Accuracy of RealMLP: 0.8770666666666667
CPU times: user 1min 11s, sys: 192 ms, total: 1min 11s
Wall time: 1min 11s


## With bagging
It is possible to do bagging (ensembling of models on 5-fold cross-validation) simply by passing `n_cv=5` to the constructor.

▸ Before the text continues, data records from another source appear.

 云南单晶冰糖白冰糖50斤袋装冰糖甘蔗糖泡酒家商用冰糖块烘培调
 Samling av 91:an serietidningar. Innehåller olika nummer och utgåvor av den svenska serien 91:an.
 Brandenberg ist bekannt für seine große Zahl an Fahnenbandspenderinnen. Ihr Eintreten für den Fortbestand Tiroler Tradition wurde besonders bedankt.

Note that it doesn't take 5x as long because of vectorized training.

In [None]:
%%time
from pytabkit import RealMLP_TD_Classifier
from sklearn.metrics import accuracy_score

model = RealMLP_TD_Classifier(n_cv=5)
model.fit(X_train, y_train)

y_pred = model.predict(X_test)
acc = accuracy_score(y_test, y_pred)
print(f"Accuracy of RealMLP with bagging: {acc}")

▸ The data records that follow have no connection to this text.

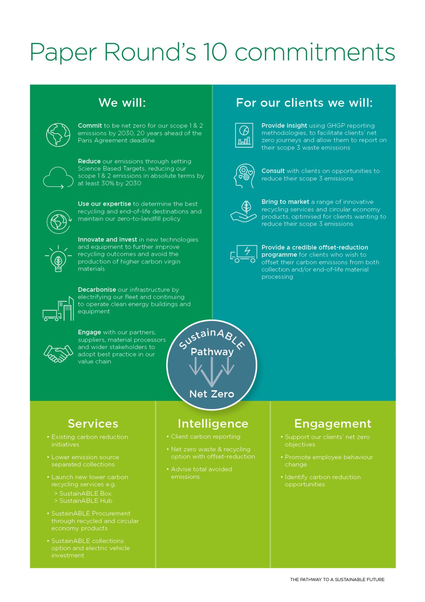 We’ll achieve a low carbon, net zero future through 10 key commitments which will cataylse change and we’ll bring to life via our award-wining services, intelligence and engagement.
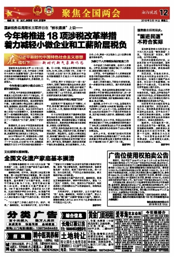 今年将推进18项涉税改革举措 着力减轻小微企业和工薪阶层税负
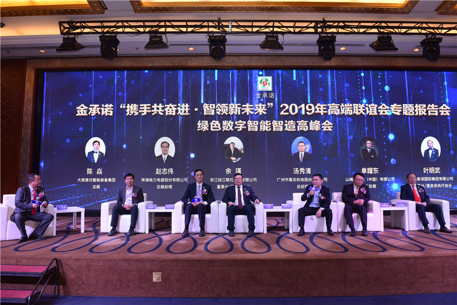 同時(shí),我們還在專題報告會中增加了(le)“綠(lǜ)色數(shù)字智能(néng)智造高峰會”環節,邀請(qǐng)金(jīn)承諾+全産業鏈互利共赢生态圈各企業領導,包括:大族激光(guāng)智能(néng)裝備集團有限公司陳焱總經理、珠海(hǎi)格力電器股份有限公司趙志偉總裁助理、浙江錢(qián)江摩托股份有限公司餘瑾董事長(cháng)、廣州昊志機電股份有限公司湯秀清總經理、山(shān)崎馬紮克(中國(guó))有限公司單耀東副總裁、金(jīn)承諾國(guó)際集團有限公司葉明(míng)武董事長(cháng)上(shàng)台與大家分享綠(lǜ)色數(shù)字智能(néng)智造方面的認識和(hé)實踐。
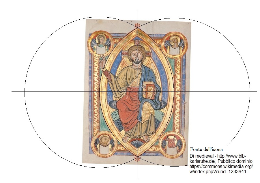 Per costruire un triangolo equilatero sulla base, unitaria, AB basta tracciare i due cerchi di centro A e raggio AB e centro B e raggio BA rispettivamente. E questo si sa dai tempi di Euclide. Cosicché il segmento CD, il doppio dell’altezza del triangolo ABC, vale radice di tre; e ciò basta per costruire, con riga e compasso, il segmento radice di tre. (Elementi, Libro I, Proposizione I) Ma non basta: l’intersezione dei due cerchi dà luogo alla ben nota ‘mandorla’ (o vesica piscis), figura da sempre oggetto di ammirazione e mistero. I cristiani ci racchiudevano prevalentemente il Cristo, di preferenza benedicente. Tre di certo è la trinità, ma la radice? Beh facile: l’incommensurabilità…
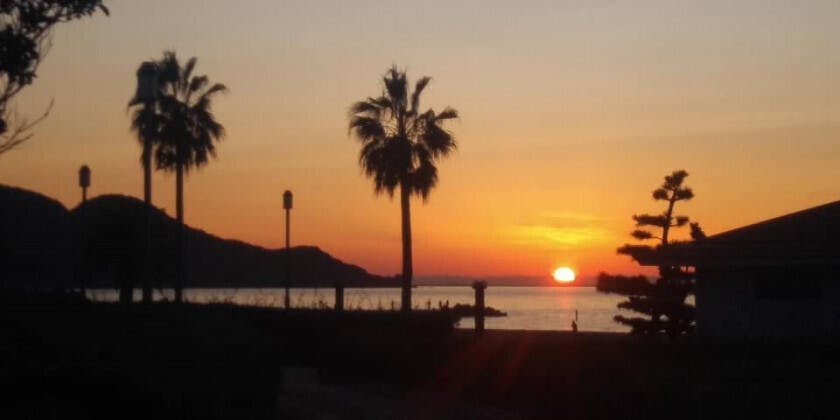お部屋から朝日と夕陽を眺めることができます ※近くの海水浴場で撮影
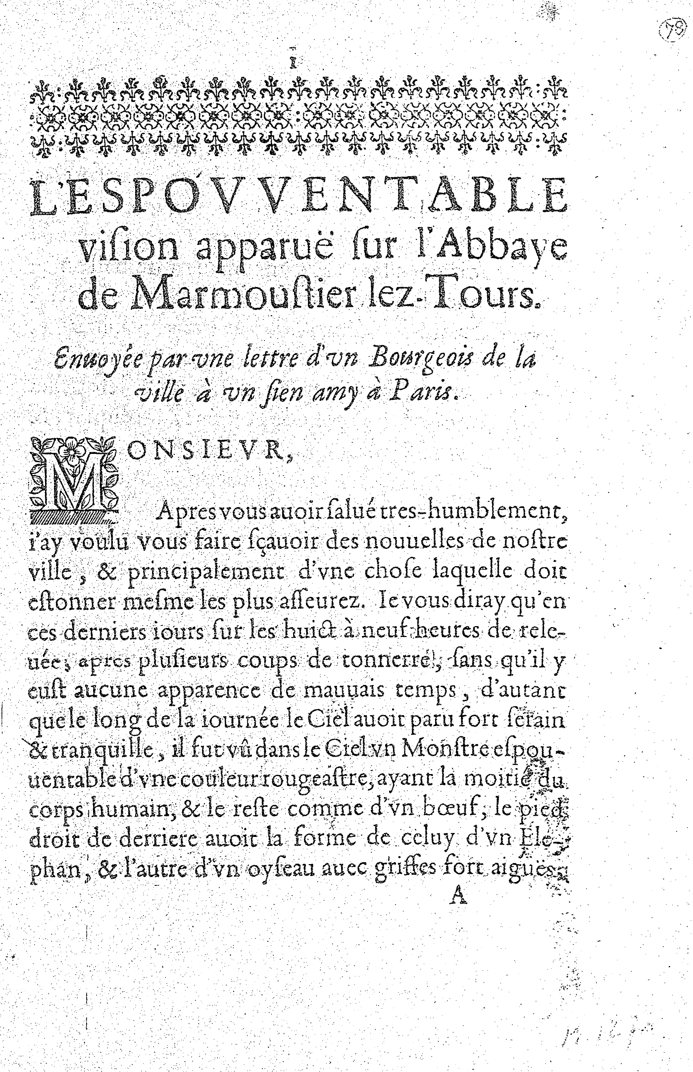 L’ESPOVVENTABLE vision apparuë sur l’Abbaye de Marmoustier lez-Tours. Enuoyée par vne lettre d’vn Bourgeois de la ville à vn sien amy à Paris.
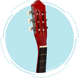 Chitara ECOTOYS oferă un design tradițional cu accent pe estetică și manevrabilitate ușoară pentru copii de la trei ani.
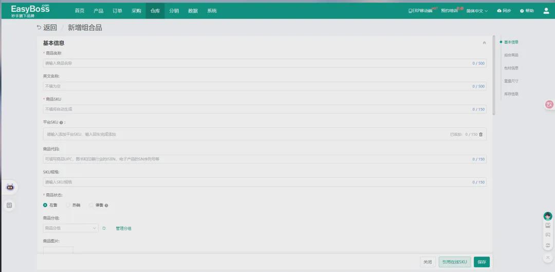 针对卖家自主创建的组合销售策略,EasyBoss还提供组合品的库存管理功能,帮助卖家规避组合品销售时产生的库存混乱问题。
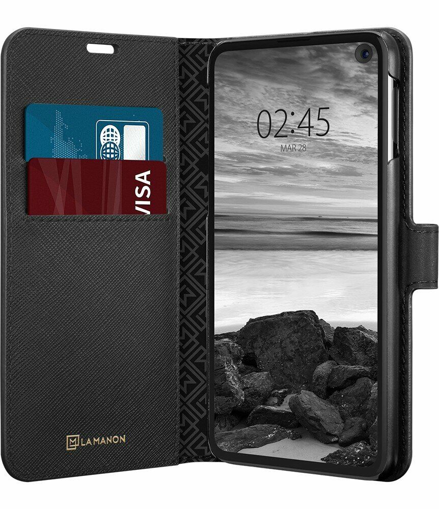 Пластиковый чехол Spigen (SGP) La Manon Wallet Saffiano для Samsung Galaxy S10e (G970) - Black
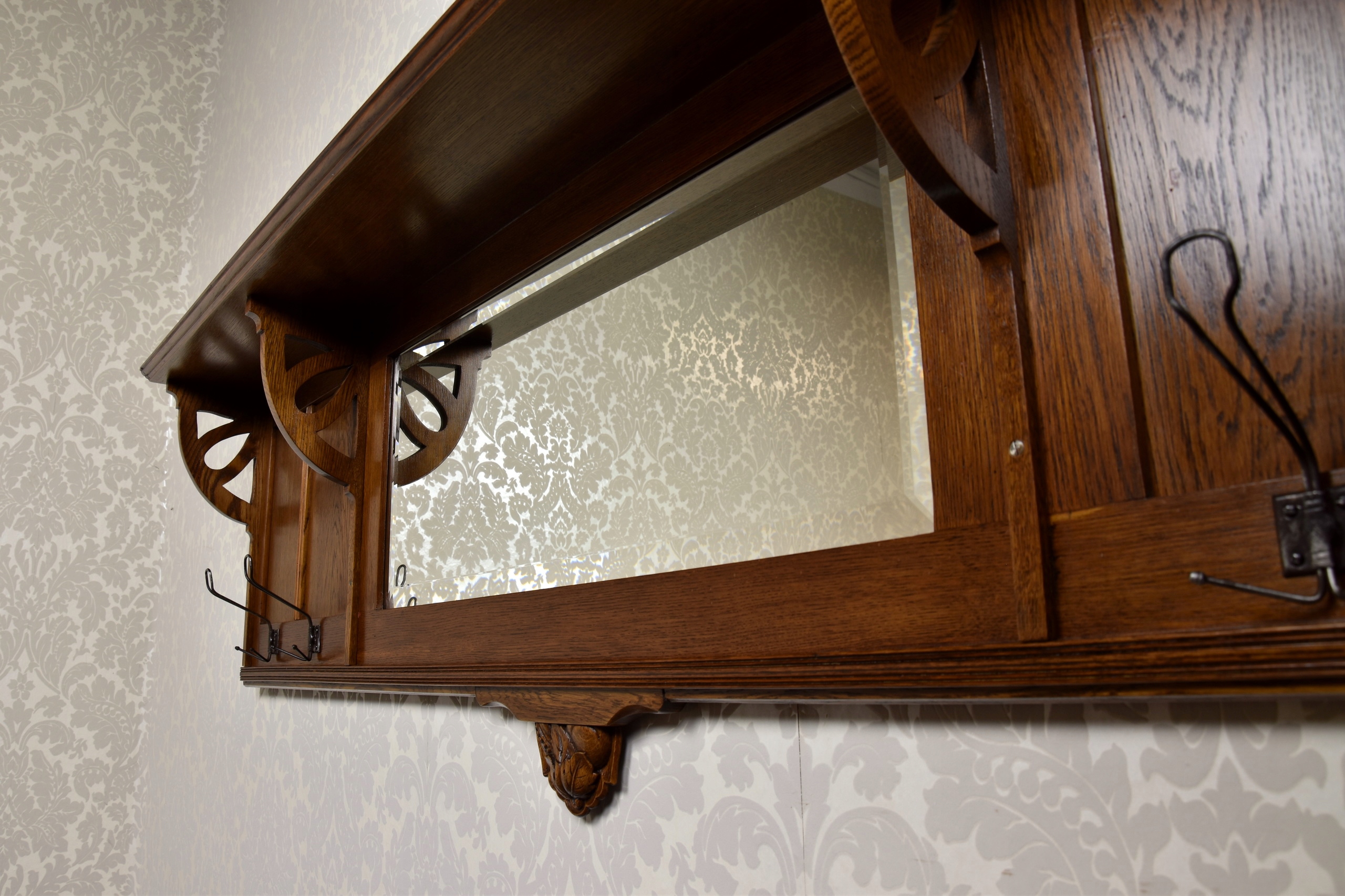 Шкаф прошел тщательный профессиональный ремонт и находится в идеальном состоянии, как технически, так и визуально. Дерево в очень хорошем состоянии. Конструкция очень жесткая и устойчивая. Никаких неприятных запахов. В комплект входят четыре стальные вешалки. На оригинальном полированном зеркале видны незначительные царапины и изменения цвета. Однако это не мешает его использованию, а лишь подчеркивает его исторический характер.

Accuracy of RealMLP with bagging: 0.8930666666666667
CPU times: user 1min 8s, sys: 180 ms, total: 1min 9s
Wall time: 1min 8s


## With hyperparameter optimization
It is possible to do hyperparameter optimization directly inside a sklearn interface by using the `RealMLP_HPO_Regressor` interface.
This is also available for classification, and for other models, for instance `LGBM_HPO_Classifier` or `LGBM_HPO_TPE_Classifier` (to use the Tree-structured Parzen Estimator algorithm).

In [None]:
%%time
from pytabkit import RealMLP_HPO_Classifier
from sklearn.metrics import accuracy_score

n_hyperopt_steps = 3 # small number for demonstration purposes
model = RealMLP_HPO_Classifier(n_hyperopt_steps=n_hyperopt_steps)
model.fit(X_train, y_train)

y_pred = model.predict(X_test)
acc = accuracy_score(y_test, y_pred)
print(f"Accuracy of RealMLP with {n_hyperopt_steps} steps HPO: {acc}")

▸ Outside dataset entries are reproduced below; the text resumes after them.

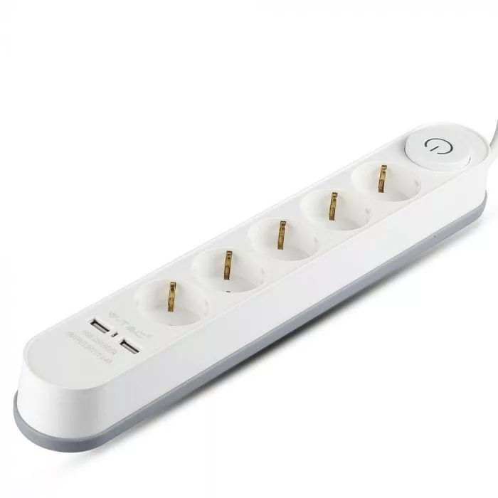 V-TAC Hosszabbító kapcsolóval 5 csatlakozós + 2 db USB port, 3 m fehér - 8807
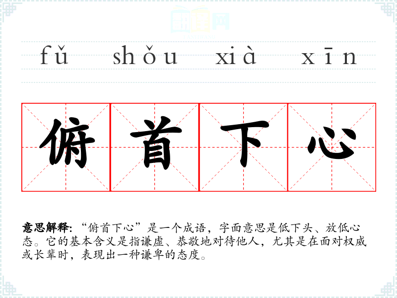 “俯首下心”是一个成语,字面意思是低下头、放低心态。它的基本含义是指谦虚、恭敬地对待他人,尤其是在面对权威或长辈时,表现出一种谦卑的态度。
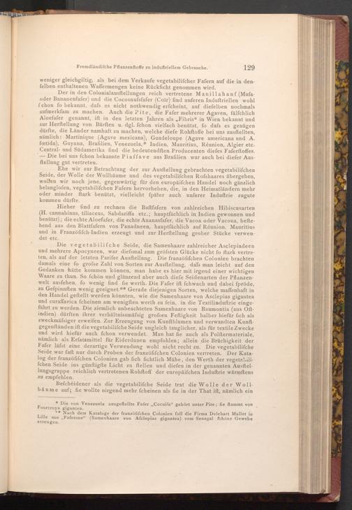 Die vegetabilifche Seide, die Samenhaare zahlreicher Asclepiadeen und mehrere Apocyneen, war diefsmal zum gröfsten Glücke nicht fo stark vertreten, als auf der letzten Parifer Ausftellung. Die franzöfifchen Colonien brachten damals eine fo grofse Zahl von Sorten zur Ausftellung, dafs man leicht auf den Gedanken hätte kommen können, man habe es hier mit irgend einer wichtigen Waare zu thun. So fchön und glänzend aber auch diefe Seidenarten der Pflanzenwelt ausfehen, fo wenig find fie werth. Die Fafer ift fchwach und dabei fpröde, zu Gefpinnften wenig geeignet.** Gerade diejenigen Sorten, welche maffenhaft in den Handel geftellt werden könnten, wie die Samenhaare von Asclepias gigantea und curaffavica fcheinen am wenigften werth zu fein, in die Textilinduftrie eingeführt zu werden. Die ziemlich unbeachteten Samenhaare von Baumontia( aus Oftindien) dürften ihrer verhältnissmäfsig grofsen Feftigkeit halber hiefür fich als zweckmäfsiger erweifen. Zur Erzeugung von Kunftblumen und verwandten Kunftgegenständen ift die vegetabilifche Seide ungleich tauglicher, als für textile Zwecke und wird hiefür auch fchon verwendet. Man hat fie auch als Polftermateriale, nämlich als Erfatzmittel für Eiderdunen empfohlen; allein die Brüchigkeit der Fafer läfst eine derartige Verwendung wohl nicht recht zu. Die vegetabilifche Seide war faft nur durch Proben der franzöfifchen Colonien vertreten. Der Katalog der franzöfifchen Colonien gab fich fichtlich Mühe, den Werth der vegetabilifchen Seide ins günftigfte Licht zu ftellen und diefen in der genannten Ausftellungsgruppe reichlich vertretenen Rohftoff der europäifchen Induftrie wärmftens zu empfehlen.
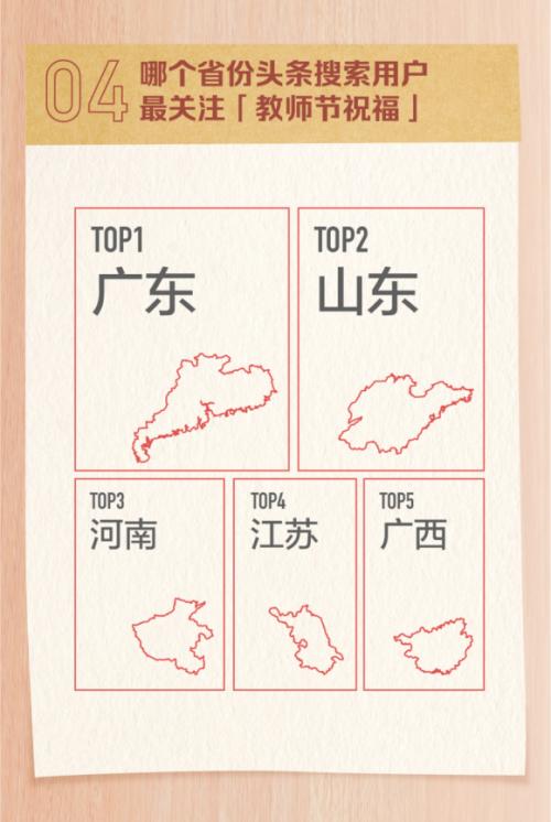 报告指出,关于教师节,头条搜索次数最多的关键词,包括“教师节祝福语”“教师节贺卡制作”和“教师节图片”。“祝福语”成今年教师节最热关键词。其中,广东、山东和河南的头条网友最关注“教师节祝福语”怎么写。
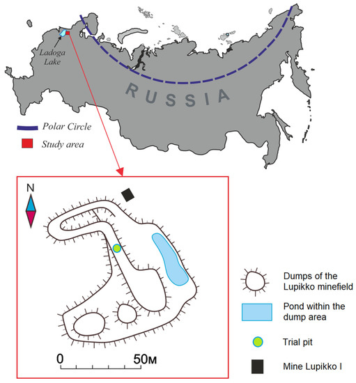 Location of the study area and the scheme of the dump disposal near the mine Lupikko I.
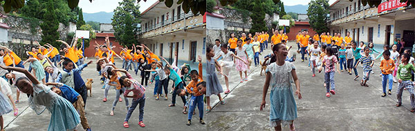 在校学生与海因特团队一起载歌载舞
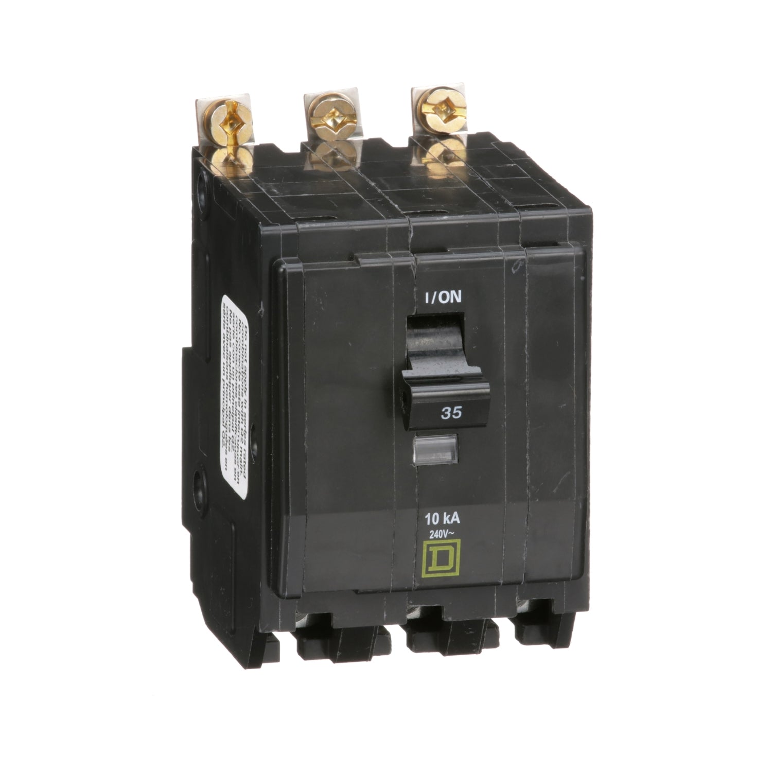 Rated at 35A for operation at 120/240VAC, the QOB335 offers a robust 10kA breaking capacity, suitable for various residential and commercial applications. It utilizes a bolt-on mounting system, facilitating secure installation in electrical panels.

Accuracy of RealMLP with 3 steps HPO: 0.8605333333333334
CPU times: user 2min 27s, sys: 442 ms, total: 2min 28s
Wall time: 2min 28s


# Using improved default for tree based models

`TD` stands for *tuned defaults*, which are the improved default we propose. `D` stands for *defaults*, which are the libraries defaults.

In [None]:
%%time
from pytabkit import CatBoost_TD_Classifier, CatBoost_D_Classifier, LGBM_TD_Classifier, LGBM_D_Classifier, XGB_TD_Classifier, XGB_D_Classifier

for model in [CatBoost_TD_Classifier(), CatBoost_D_Classifier(), LGBM_TD_Classifier(), LGBM_D_Classifier(), XGB_TD_Classifier(), XGB_D_Classifier()]:
    model.fit(X_train, y_train)
    y_pred = model.predict(X_test)
    acc = accuracy_score(y_test, y_pred)
    print(f"Accuracy of {model.__class__.__name__}: {acc}")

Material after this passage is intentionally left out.